Large Dataset API Reference

This page documents the API for NLSQ’s large dataset handling features, designed for datasets with 20M+ points.

Memory Estimation

nlsq.estimate_memory_requirements(n_points, n_params)[source]

Estimate memory requirements for a dataset.

Parameters:
  • n_points (int) – Number of data points

  • n_params (int) – Number of parameters

Returns:

Memory requirements and processing recommendations

Return type:

DatasetStats

Examples

>>> from nlsq.streaming.large_dataset import estimate_memory_requirements
>>>
>>> # Estimate requirements for 50M points, 3 parameters
>>> stats = estimate_memory_requirements(50_000_000, 3)
>>> print(f"Estimated memory: {stats.total_memory_estimate_gb:.2f} GB")
>>> print(f"Recommended chunk size: {stats.recommended_chunk_size:,}")
>>> print(f"Number of chunks: {stats.n_chunks}")

The estimate_memory_requirements function returns a DatasetStats object with the following attributes:

  • n_points: Number of data points

  • n_params: Number of parameters

  • total_memory_estimate_gb: Estimated memory requirement in GB

  • recommended_chunk_size: Recommended chunk size for processing

  • n_chunks: Number of chunks needed

Example:

from nlsq import estimate_memory_requirements

stats = estimate_memory_requirements(100_000_000, 4)
print(f"Total memory: {stats.total_memory_estimate_gb:.2f} GB")
print(f"Process in {stats.n_chunks} chunks of {stats.recommended_chunk_size} points")

LargeDatasetFitter

The main class for handling large datasets with automatic memory management.

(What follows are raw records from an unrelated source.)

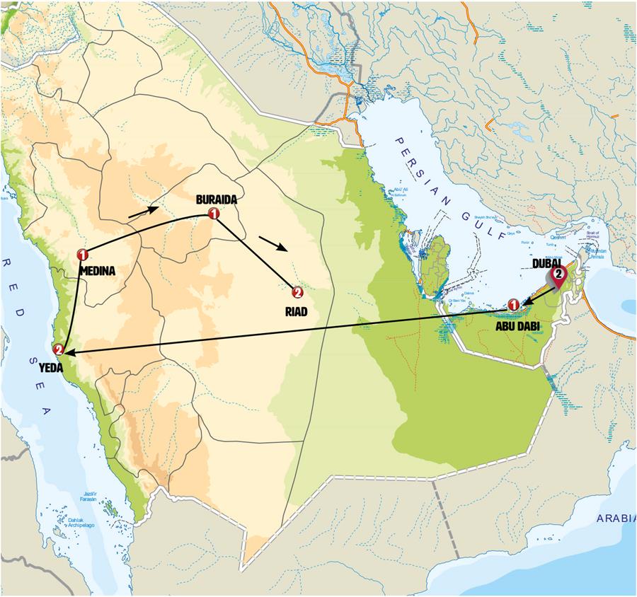 DUBAI, ABU DABI, YEDA, MEDINA, BURAIDA, RIAD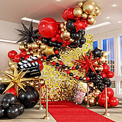 Movie Night Balloon Arch Garland Kit With Red Black And Gold Balloons Foil Balloons For Birthday Movies Night Theater Movie Theme Party Decorations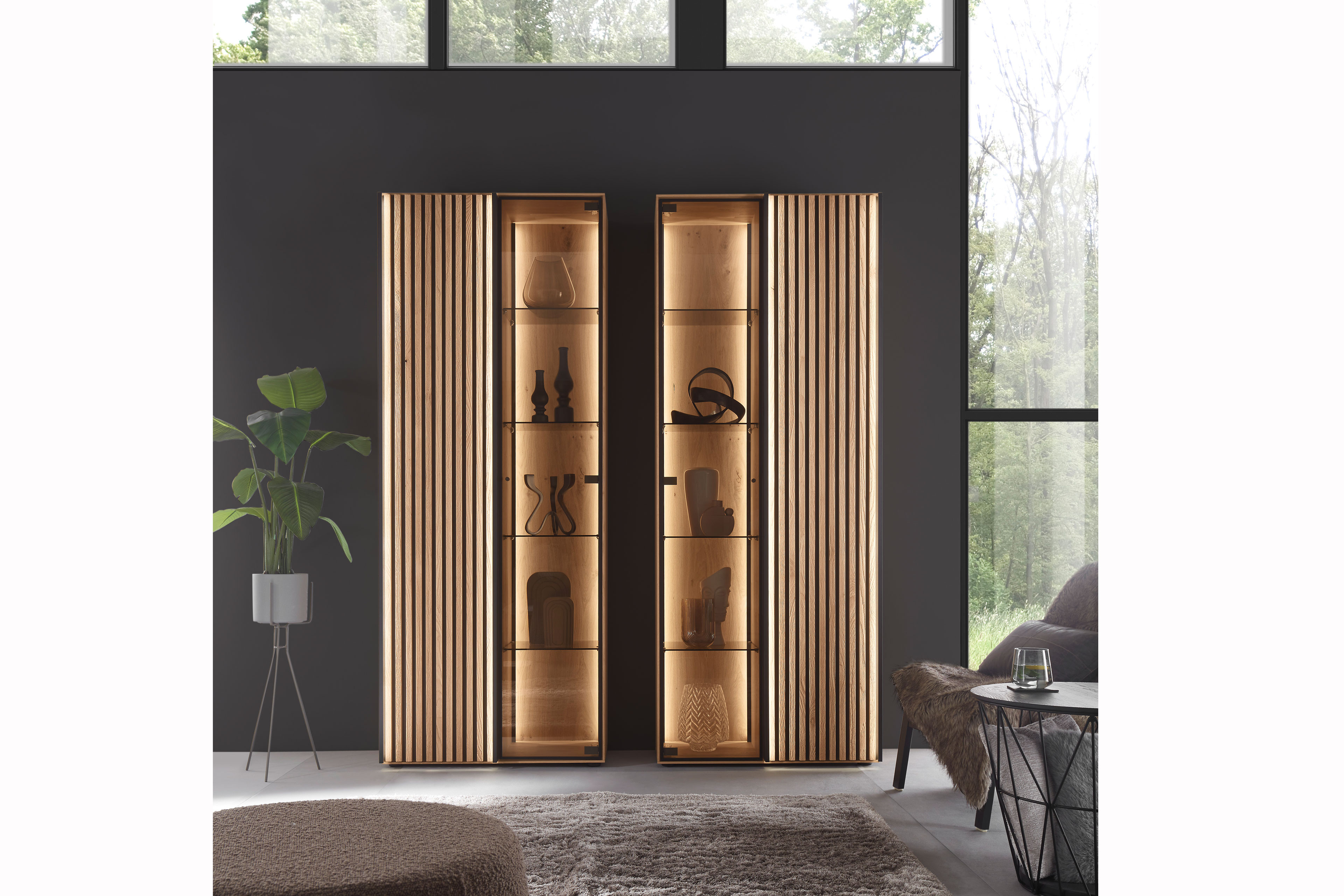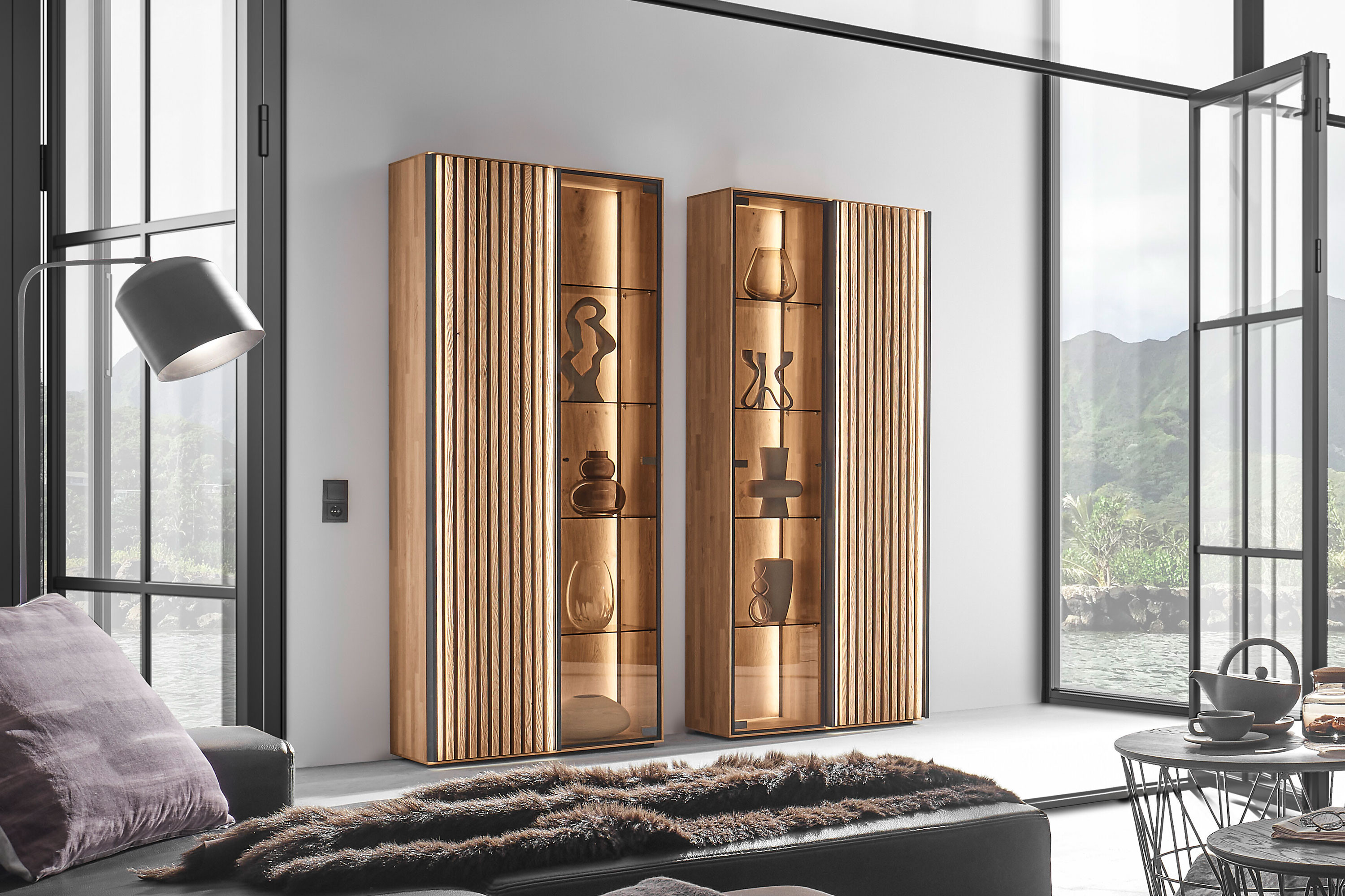 Vitrine von Hartmann - Modell Selino Kerneiche natur/ anthrazit Selino - Naturschauspiel aus Massivholz und Lack

For complete API documentation, see nlsq.LargeDatasetFitter in the nlsq.large_dataset module module.

Key Features:

  • Automatic memory management and chunking

  • Progress reporting for long-running fits

  • Configurable memory limits and chunk sizes

  • Integration with existing NLSQ optimization algorithms

Constructor Parameters:

  • memory_limit_gb (float): Maximum memory to use (default: 4.0)

  • config (LDMemoryConfig, optional): Advanced configuration object

Example:

from nlsq import LargeDatasetFitter

fitter = LargeDatasetFitter(memory_limit_gb=8.0)

# Get recommendations
recs = fitter.get_memory_recommendations(50_000_000, 3)
print(recs['processing_strategy'])

# Fit with progress
result = fitter.fit_with_progress(func, x, y, p0)

Convenience Functions

curve_fit_large Function

Primary large dataset fitting function with automatic dataset size detection.

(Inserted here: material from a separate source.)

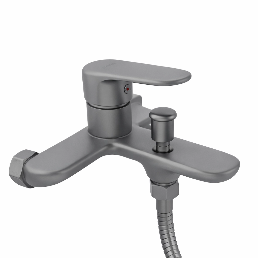 Stylish gun grey bath mixer with durable construction. 10 year warranty included.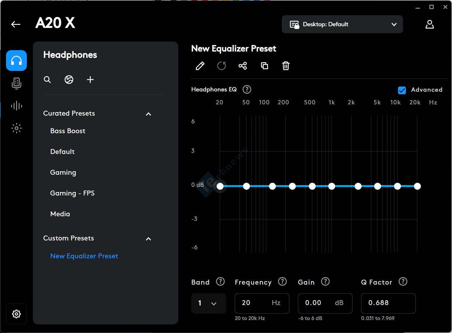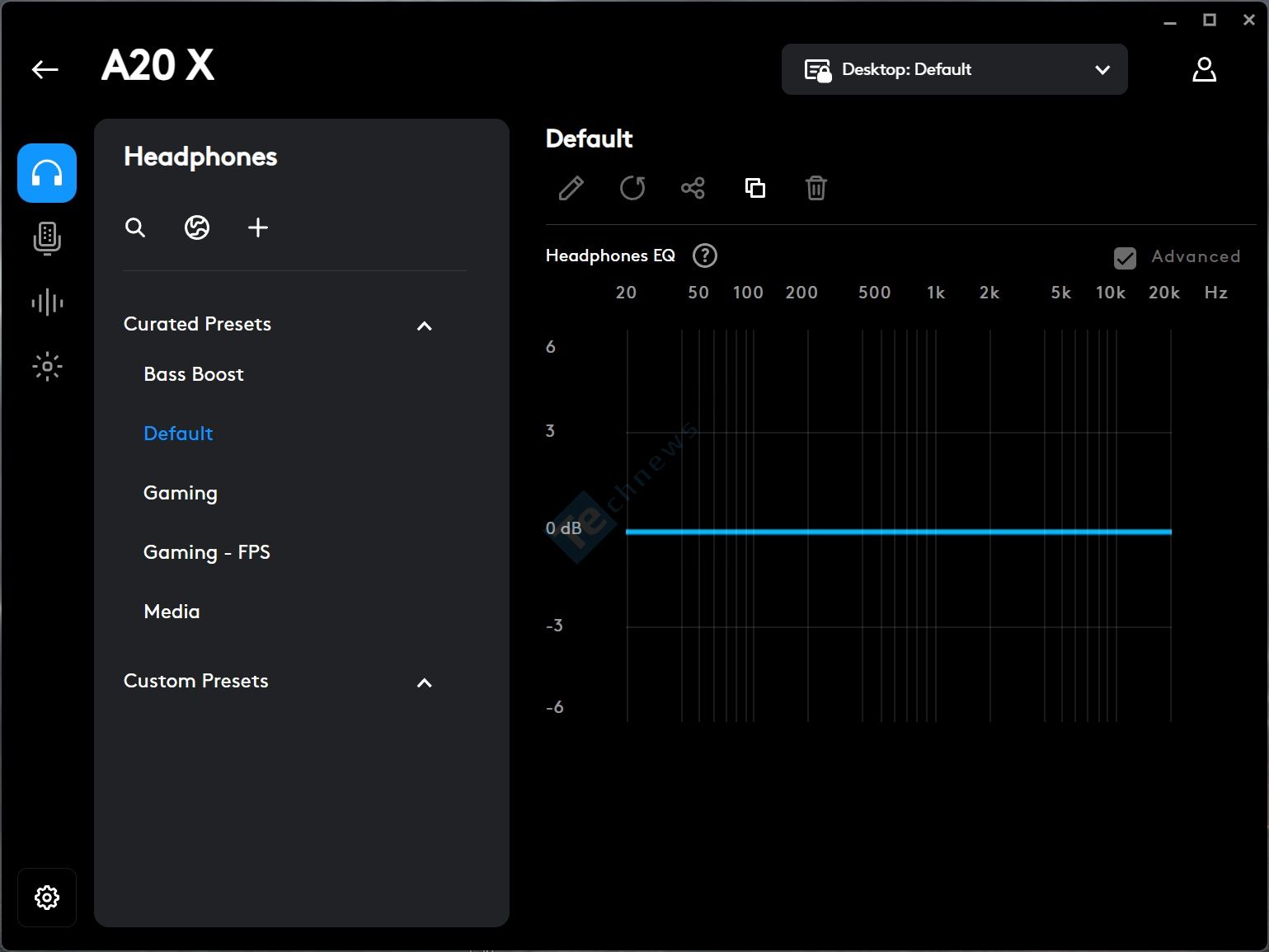 Patekę į nustatymus matome keturias skiltis. Pirmoji iš jų yra „Headphones“. Čia rasime visus garso nustatymus. Galima įsijungti ekvalaizerį ir ten keisti nustatymus pagal savo skonį. „Logitech“ dar siūlo iš anksto sukonfigūruotus garso profilius, jeigu nenorite krapštytis prie nustatymų.

For complete API documentation, see nlsq.curve_fit_large() in the nlsq.large_dataset module module.

This function provides a drop-in replacement for curve_fit with automatic detection and handling of large datasets. For small datasets (< 1M points), it behaves identically to curve_fit. For larger datasets, it automatically switches to memory-efficient processing with chunking and progress reporting.

Parameters:
  • func: Model function f(x, \*params) -> y

  • xdata: Independent variable data

  • ydata: Dependent variable data

  • p0: Initial parameter guess

  • memory_limit_gb: Memory limit in GB (default: auto-detect)

  • auto_size_detection: Automatically detect dataset size (default: True)

  • size_threshold: Threshold for switching to large dataset processing (default: 1M)

  • show_progress: Show progress bar for large datasets (default: False)

  • **kwargs: Additional fitting options

Returns:

popt, pcov tuple (same as scipy.optimize.curve_fit)

Example:

from nlsq import curve_fit_large
import jax.numpy as jnp

# Automatic handling - uses standard curve_fit for small datasets
popt, pcov = curve_fit_large(func, x_small, y_small, p0=[1, 0.5])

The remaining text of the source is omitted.